====== DATA SUPPLIED
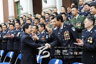 2013年10月,國(guó)務(wù)委員、公安部長(zhǎng)郭聲琨接見全國(guó)公安英模代表。 (州特警支隊(duì)提供)
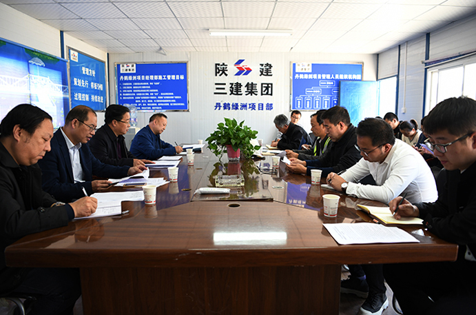 隨后,曹寶良董事長一行在丹鶴綠洲項(xiàng)目部召開會議。會上,董事長對項(xiàng)目目前取得的良好進(jìn)展表示肯定,并提出三點(diǎn)要求:一是項(xiàng)目建設(shè)的核心是推動公司發(fā)展,丹鶴綠洲作為城投公司的優(yōu)質(zhì)戰(zhàn)略項(xiàng)目一定要從項(xiàng)目整體規(guī)劃、工程優(yōu)質(zhì)建設(shè)、從嚴(yán)把控施工質(zhì)量,安全施工各方面綜合考量,穩(wěn)步全面推進(jìn);二是建設(shè)單位要對項(xiàng)目的建設(shè)規(guī)劃胸中有數(shù),做好施工規(guī)劃。工程項(xiàng)目要全部進(jìn)行招標(biāo),所用材料必須經(jīng)過三家以上單位競爭性談判;三是監(jiān)理單位要有嚴(yán)謹(jǐn)?shù)墓ぷ鲬B(tài)度,對一切影響工程質(zhì)量安全的因素嚴(yán)格排查,絕不姑息手軟。
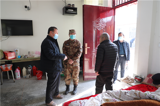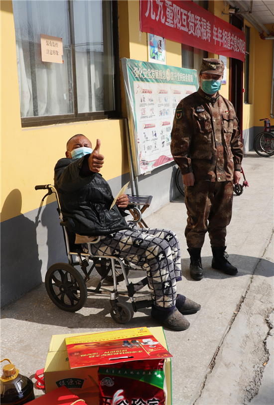 新橋鎮(zhèn)新兵楊凱入伍前和癱瘓的父親相依為命,市人武部領導協(xié)調(diào)地方政府,把其父親送到了新橋鎮(zhèn)敬老院公費養(yǎng)老,解除他的后顧之憂。春節(jié)到了,人武部領導還牽掛著這個特困家庭,矯百成帶隊來到新橋鎮(zhèn)敬老院。此時正值中午,楊凱的父親正坐在屋外的輪椅上曬太陽,見到矯部長的突然到來,激動的眼含熱淚,他緊緊握住矯百成的手久久不愿松開。矯百成噓寒問暖,給他送上1000元慰問金和生活必需品,楊凱的父親用他那不太清晰的語言表達對部長的真誠感謝。在敬老院院長的帶領下,矯百成又來到老人的住室察看起居情況,詢問他平時生活狀況,當?shù)弥先松畹暮苁娣r,矯百成滿意的笑了。
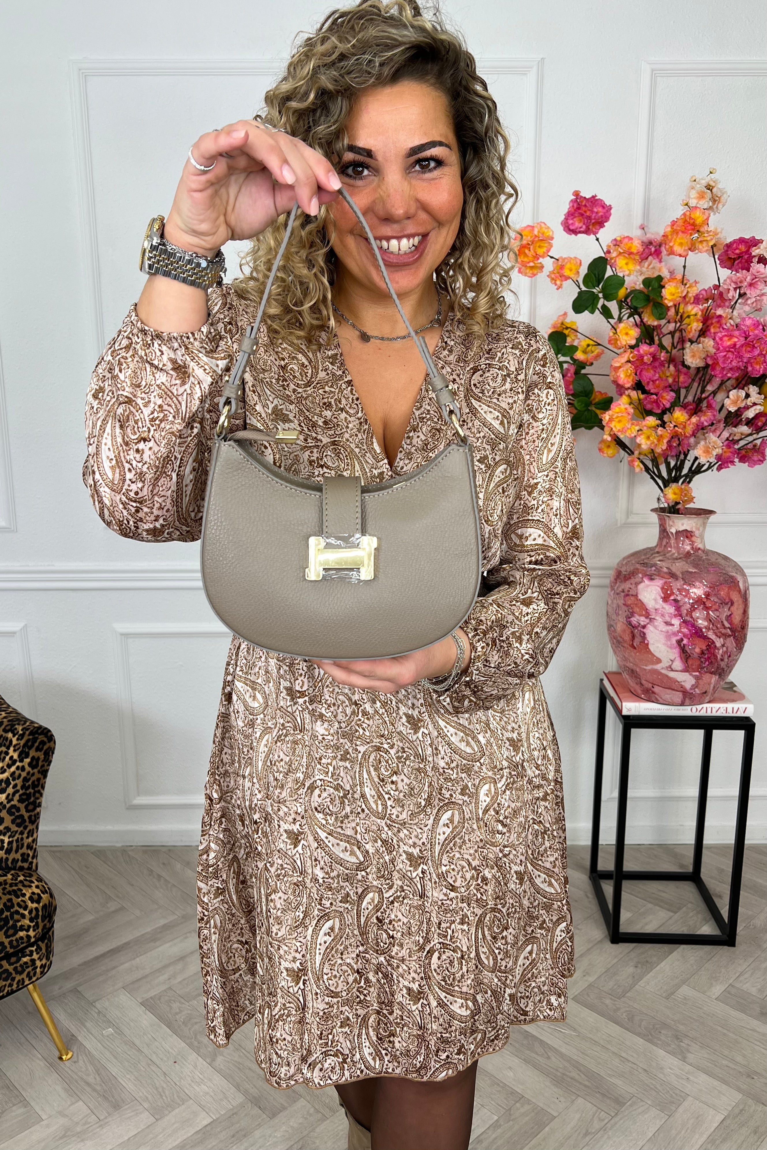 De Inez schoudertas is een elegante tas van Taupe generfd leer met goudkleurige details. Dankzij het verstelbare hengsel is de tas zowel als schoudertas en crossbody te dragen. De ritssluiting zit netjes verborgen onder een leren flap met stijlvolle gesp. Een tijdloos en praktisch ontwerp voor elke gelegenheid.
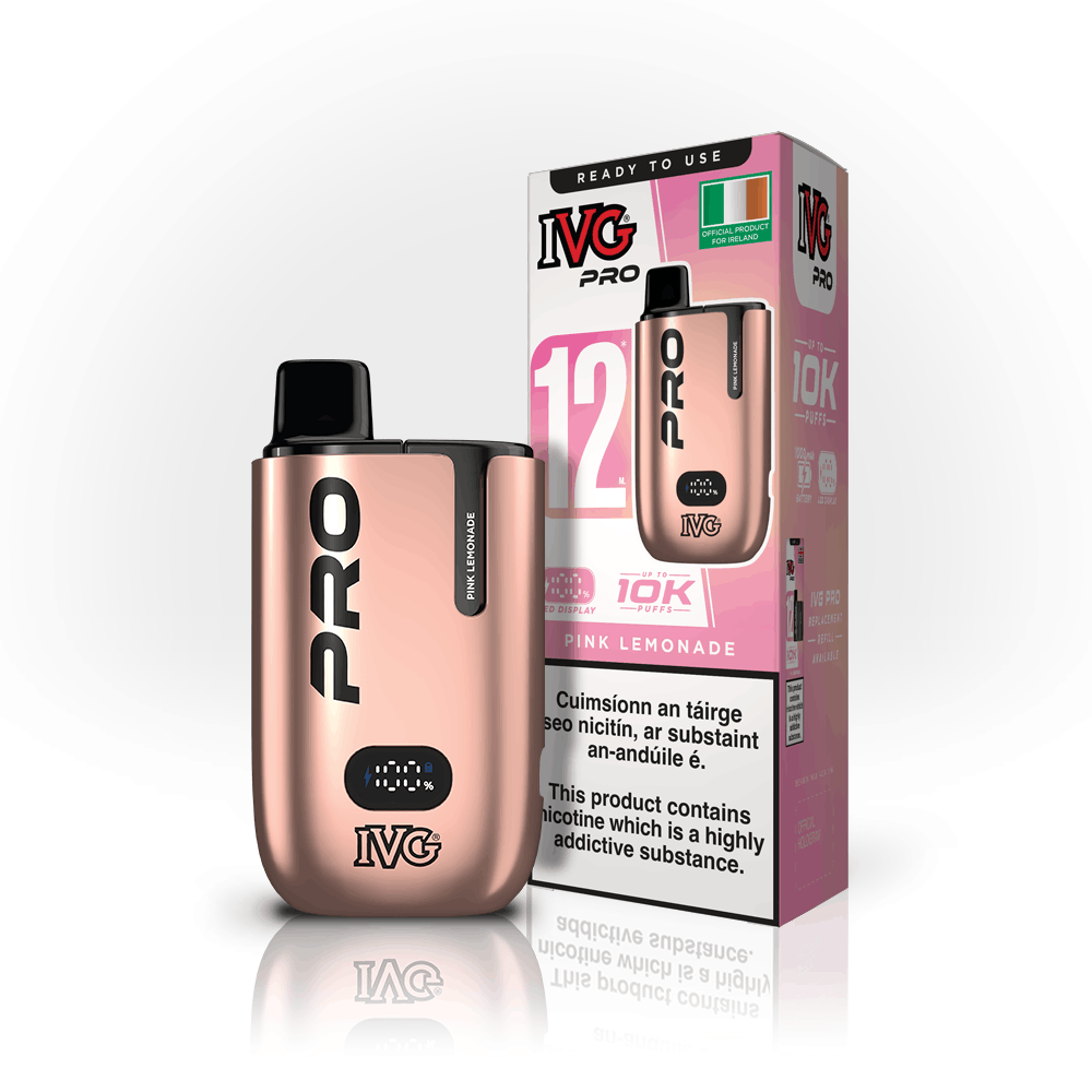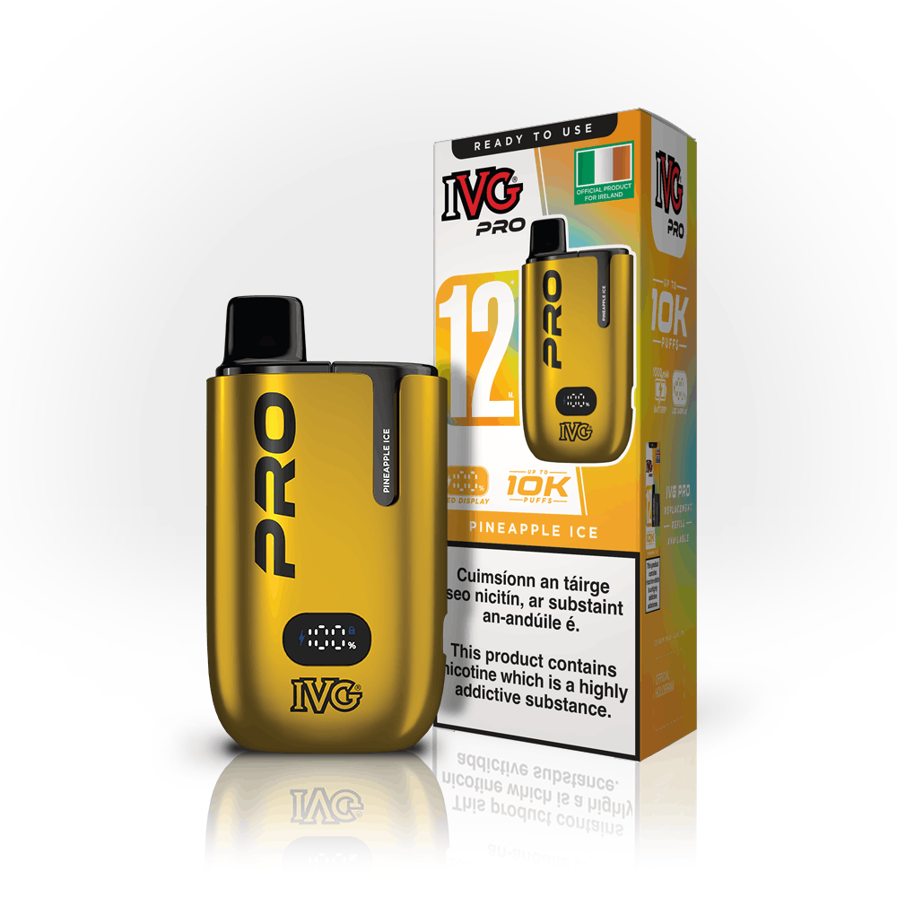Buy the IVG PRO, offering up to 10,000 smooth puffs in a sleek, reusable vape kit featuring a metallic finish and a digital battery display. Recharge and reuse with easy-insert prefilled pods—no refilling, no hassle.
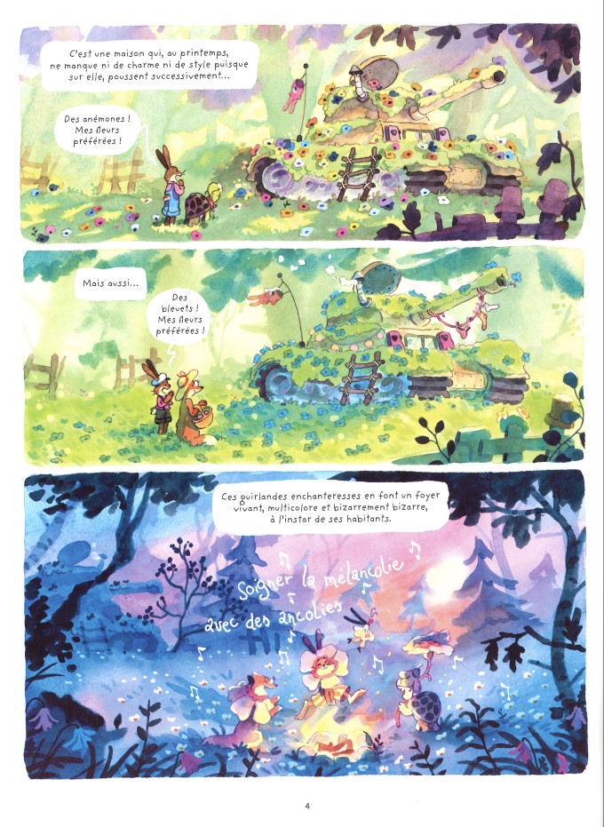 Bill peut se reposer sur ses deux oreilles. Pas besoin d’avoir un œil sur les alentours de la maison, les oiseaux veillent pour lui. Bill a de plus en plus des comportements d’humain. Il sifflote, prend du café dans une tasse, lit le journal, … Il en oublierait presque qu’il est un animal, sauvage comme le convainc la tortue Caroline. Mais s’il se frotte les pattes sur le paillasson devant la porte d’entrée, ce n’est pas pour avoir les pattes propres dans la maison, c’est parce qu’il tente d’extraire les croquettes coincées dedans. Tout ce qui a goût de viande, comme les os, c’est bien meilleur que les brocolis. Si on lui demande ce qu’il souhaite qu’on lui cuisine, on devine aisément la réponse.
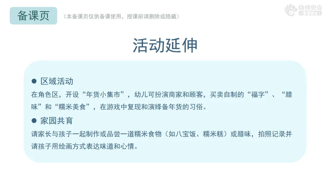 在角色区,开设“年货小集市”,幼儿可扮演商家和顾客,买卖自制的“福字”、“腊味”和“糯米美食”,在游戏中复现和演绎备年货的习俗。
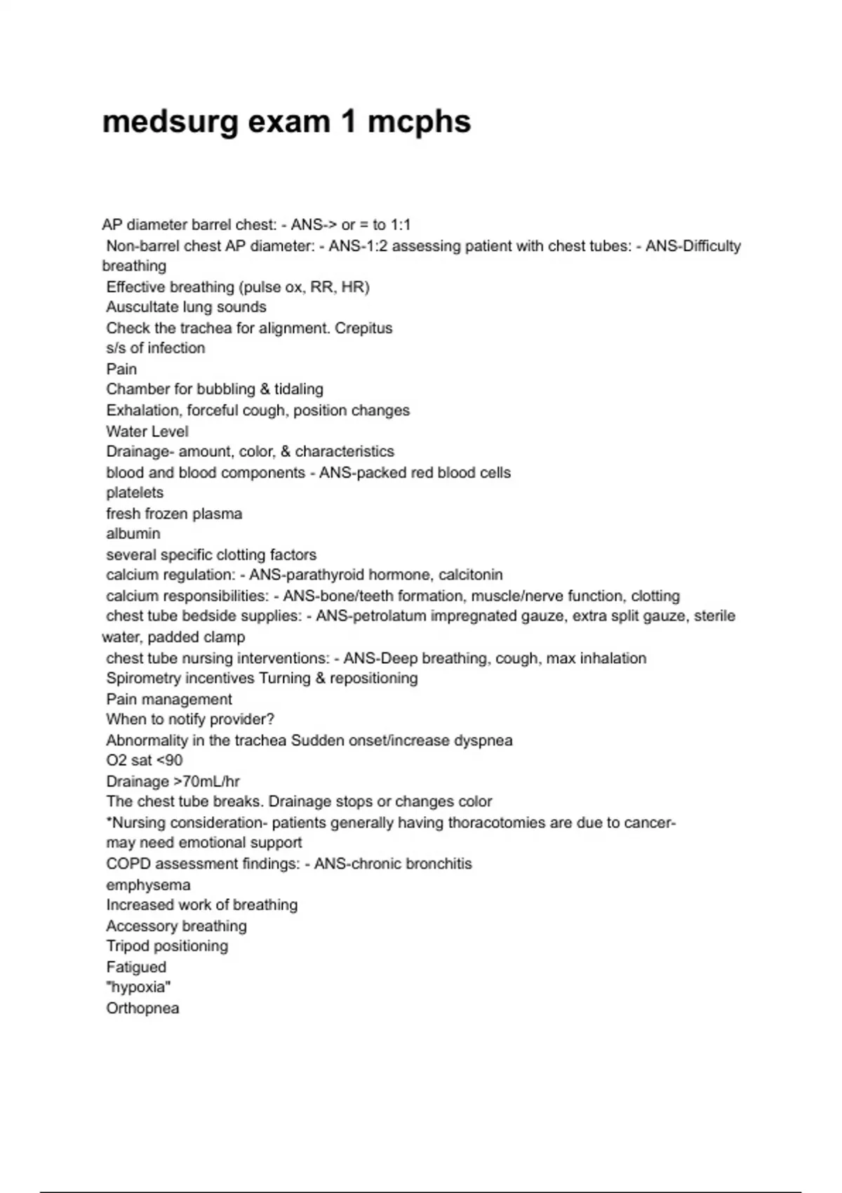 medsurg exam 1 mcphs
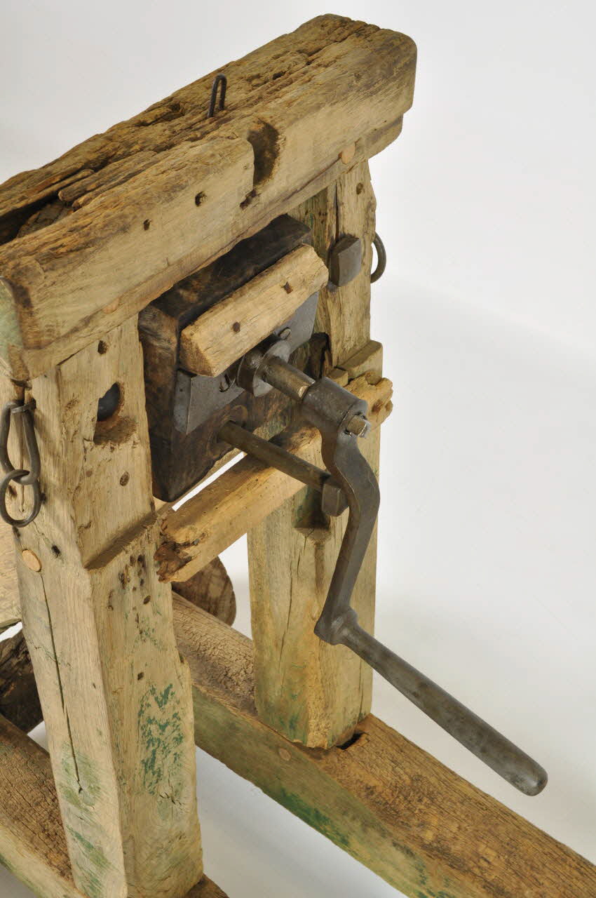 Porte-crochet avec pièce carrée de bois, teintée au brou de noix, accrochée à un chariot à cordage par une traverse en acier. Deux grosse poutres (.3) la relient avec le chariot. La pièce est également traversée transversalement en son centre, par l'axe d'un crochet en acier (.8). Une longue manivelle en acier est reliée au crochet par un clou. Au dos, une petite traverse de bois brut biseautée est clouée.Matériaux et techniques
============
* _WHAT IS EXPECTED_
Keep each line of the records exactly as it is while transcribing them, but leave the images behind.

* _SOLVED EXERCISE_
 2013年10月,國(guó)務(wù)委員、公安部長(zhǎng)郭聲琨接見全國(guó)公安英模代表。 (州特警支隊(duì)提供)
 隨后,曹寶良董事長一行在丹鶴綠洲項(xiàng)目部召開會議。會上,董事長對項(xiàng)目目前取得的良好進(jìn)展表示肯定,并提出三點(diǎn)要求:一是項(xiàng)目建設(shè)的核心是推動公司發(fā)展,丹鶴綠洲作為城投公司的優(yōu)質(zhì)戰(zhàn)略項(xiàng)目一定要從項(xiàng)目整體規(guī)劃、工程優(yōu)質(zhì)建設(shè)、從嚴(yán)把控施工質(zhì)量,安全施工各方面綜合考量,穩(wěn)步全面推進(jìn);二是建設(shè)單位要對項(xiàng)目的建設(shè)規(guī)劃胸中有數(shù),做好施工規(guī)劃。工程項(xiàng)目要全部進(jìn)行招標(biāo),所用材料必須經(jīng)過三家以上單位競爭性談判;三是監(jiān)理單位要有嚴(yán)謹(jǐn)?shù)墓ぷ鲬B(tài)度,對一切影響工程質(zhì)量安全的因素嚴(yán)格排查,絕不姑息手軟。
 新橋鎮(zhèn)新兵楊凱入伍前和癱瘓的父親相依為命,市人武部領導協(xié)調(diào)地方政府,把其父親送到了新橋鎮(zhèn)敬老院公費養(yǎng)老,解除他的后顧之憂。春節(jié)到了,人武部領導還牽掛著這個特困家庭,矯百成帶隊來到新橋鎮(zhèn)敬老院。此時正值中午,楊凱的父親正坐在屋外的輪椅上曬太陽,見到矯部長的突然到來,激動的眼含熱淚,他緊緊握住矯百成的手久久不愿松開。矯百成噓寒問暖,給他送上1000元慰問金和生活必需品,楊凱的父親用他那不太清晰的語言表達對部長的真誠感謝。在敬老院院長的帶領下,矯百成又來到老人的住室察看起居情況,詢問他平時生活狀況,當?shù)弥先松畹暮苁娣r,矯百成滿意的笑了。
 De Inez schoudertas is een elegante tas van Taupe generfd leer met goudkleurige details. Dankzij het verstelbare hengsel is de tas zowel als schoudertas en crossbody te dragen. De ritssluiting zit netjes verborgen onder een leren flap met stijlvolle gesp. Een tijdloos en praktisch ontwerp voor elke gelegenheid.
Buy the IVG PRO, offering up to 10,000 smooth puffs in a sleek, reusable vape kit featuring a metallic finish and a digital battery display. Recharge and reuse with easy-insert prefilled pods—no refilling, no hassle.
 Bill peut se reposer sur ses deux oreilles. Pas besoin d’avoir un œil sur les alentours de la maison, les oiseaux veillent pour lui. Bill a de plus en plus des comportements d’humain. Il sifflote, prend du café dans une tasse, lit le journal, … Il en oublierait presque qu’il est un animal, sauvage comme le convainc la tortue Caroline. Mais s’il se frotte les pattes sur le paillasson devant la porte d’entrée, ce n’est pas pour avoir les pattes propres dans la maison, c’est parce qu’il tente d’extraire les croquettes coincées dedans. Tout ce qui a goût de viande, comme les os, c’est bien meilleur que les brocolis. Si on lui demande ce qu’il souhaite qu’on lui cuisine, on devine aisément la réponse.
 在角色区,开设“年货小集市”,幼儿可扮演商家和顾客,买卖自制的“福字”、“腊味”和“糯米美食”,在游戏中复现和演绎备年货的习俗。
 medsurg exam 1 mcphs
 Porte-crochet avec pièce carrée de bois, teintée au brou de noix, accrochée à un chariot à cordage par une traverse en acier. Deux grosse poutres (.3) la relient avec le chariot. La pièce est également traversée transversalement en son centre, par l'axe d'un crochet en acier (.8). Une longue manivelle en acier est reliée au crochet par un clou. Au dos, une petite traverse de bois brut biseautée est clouée.Matériaux et techniques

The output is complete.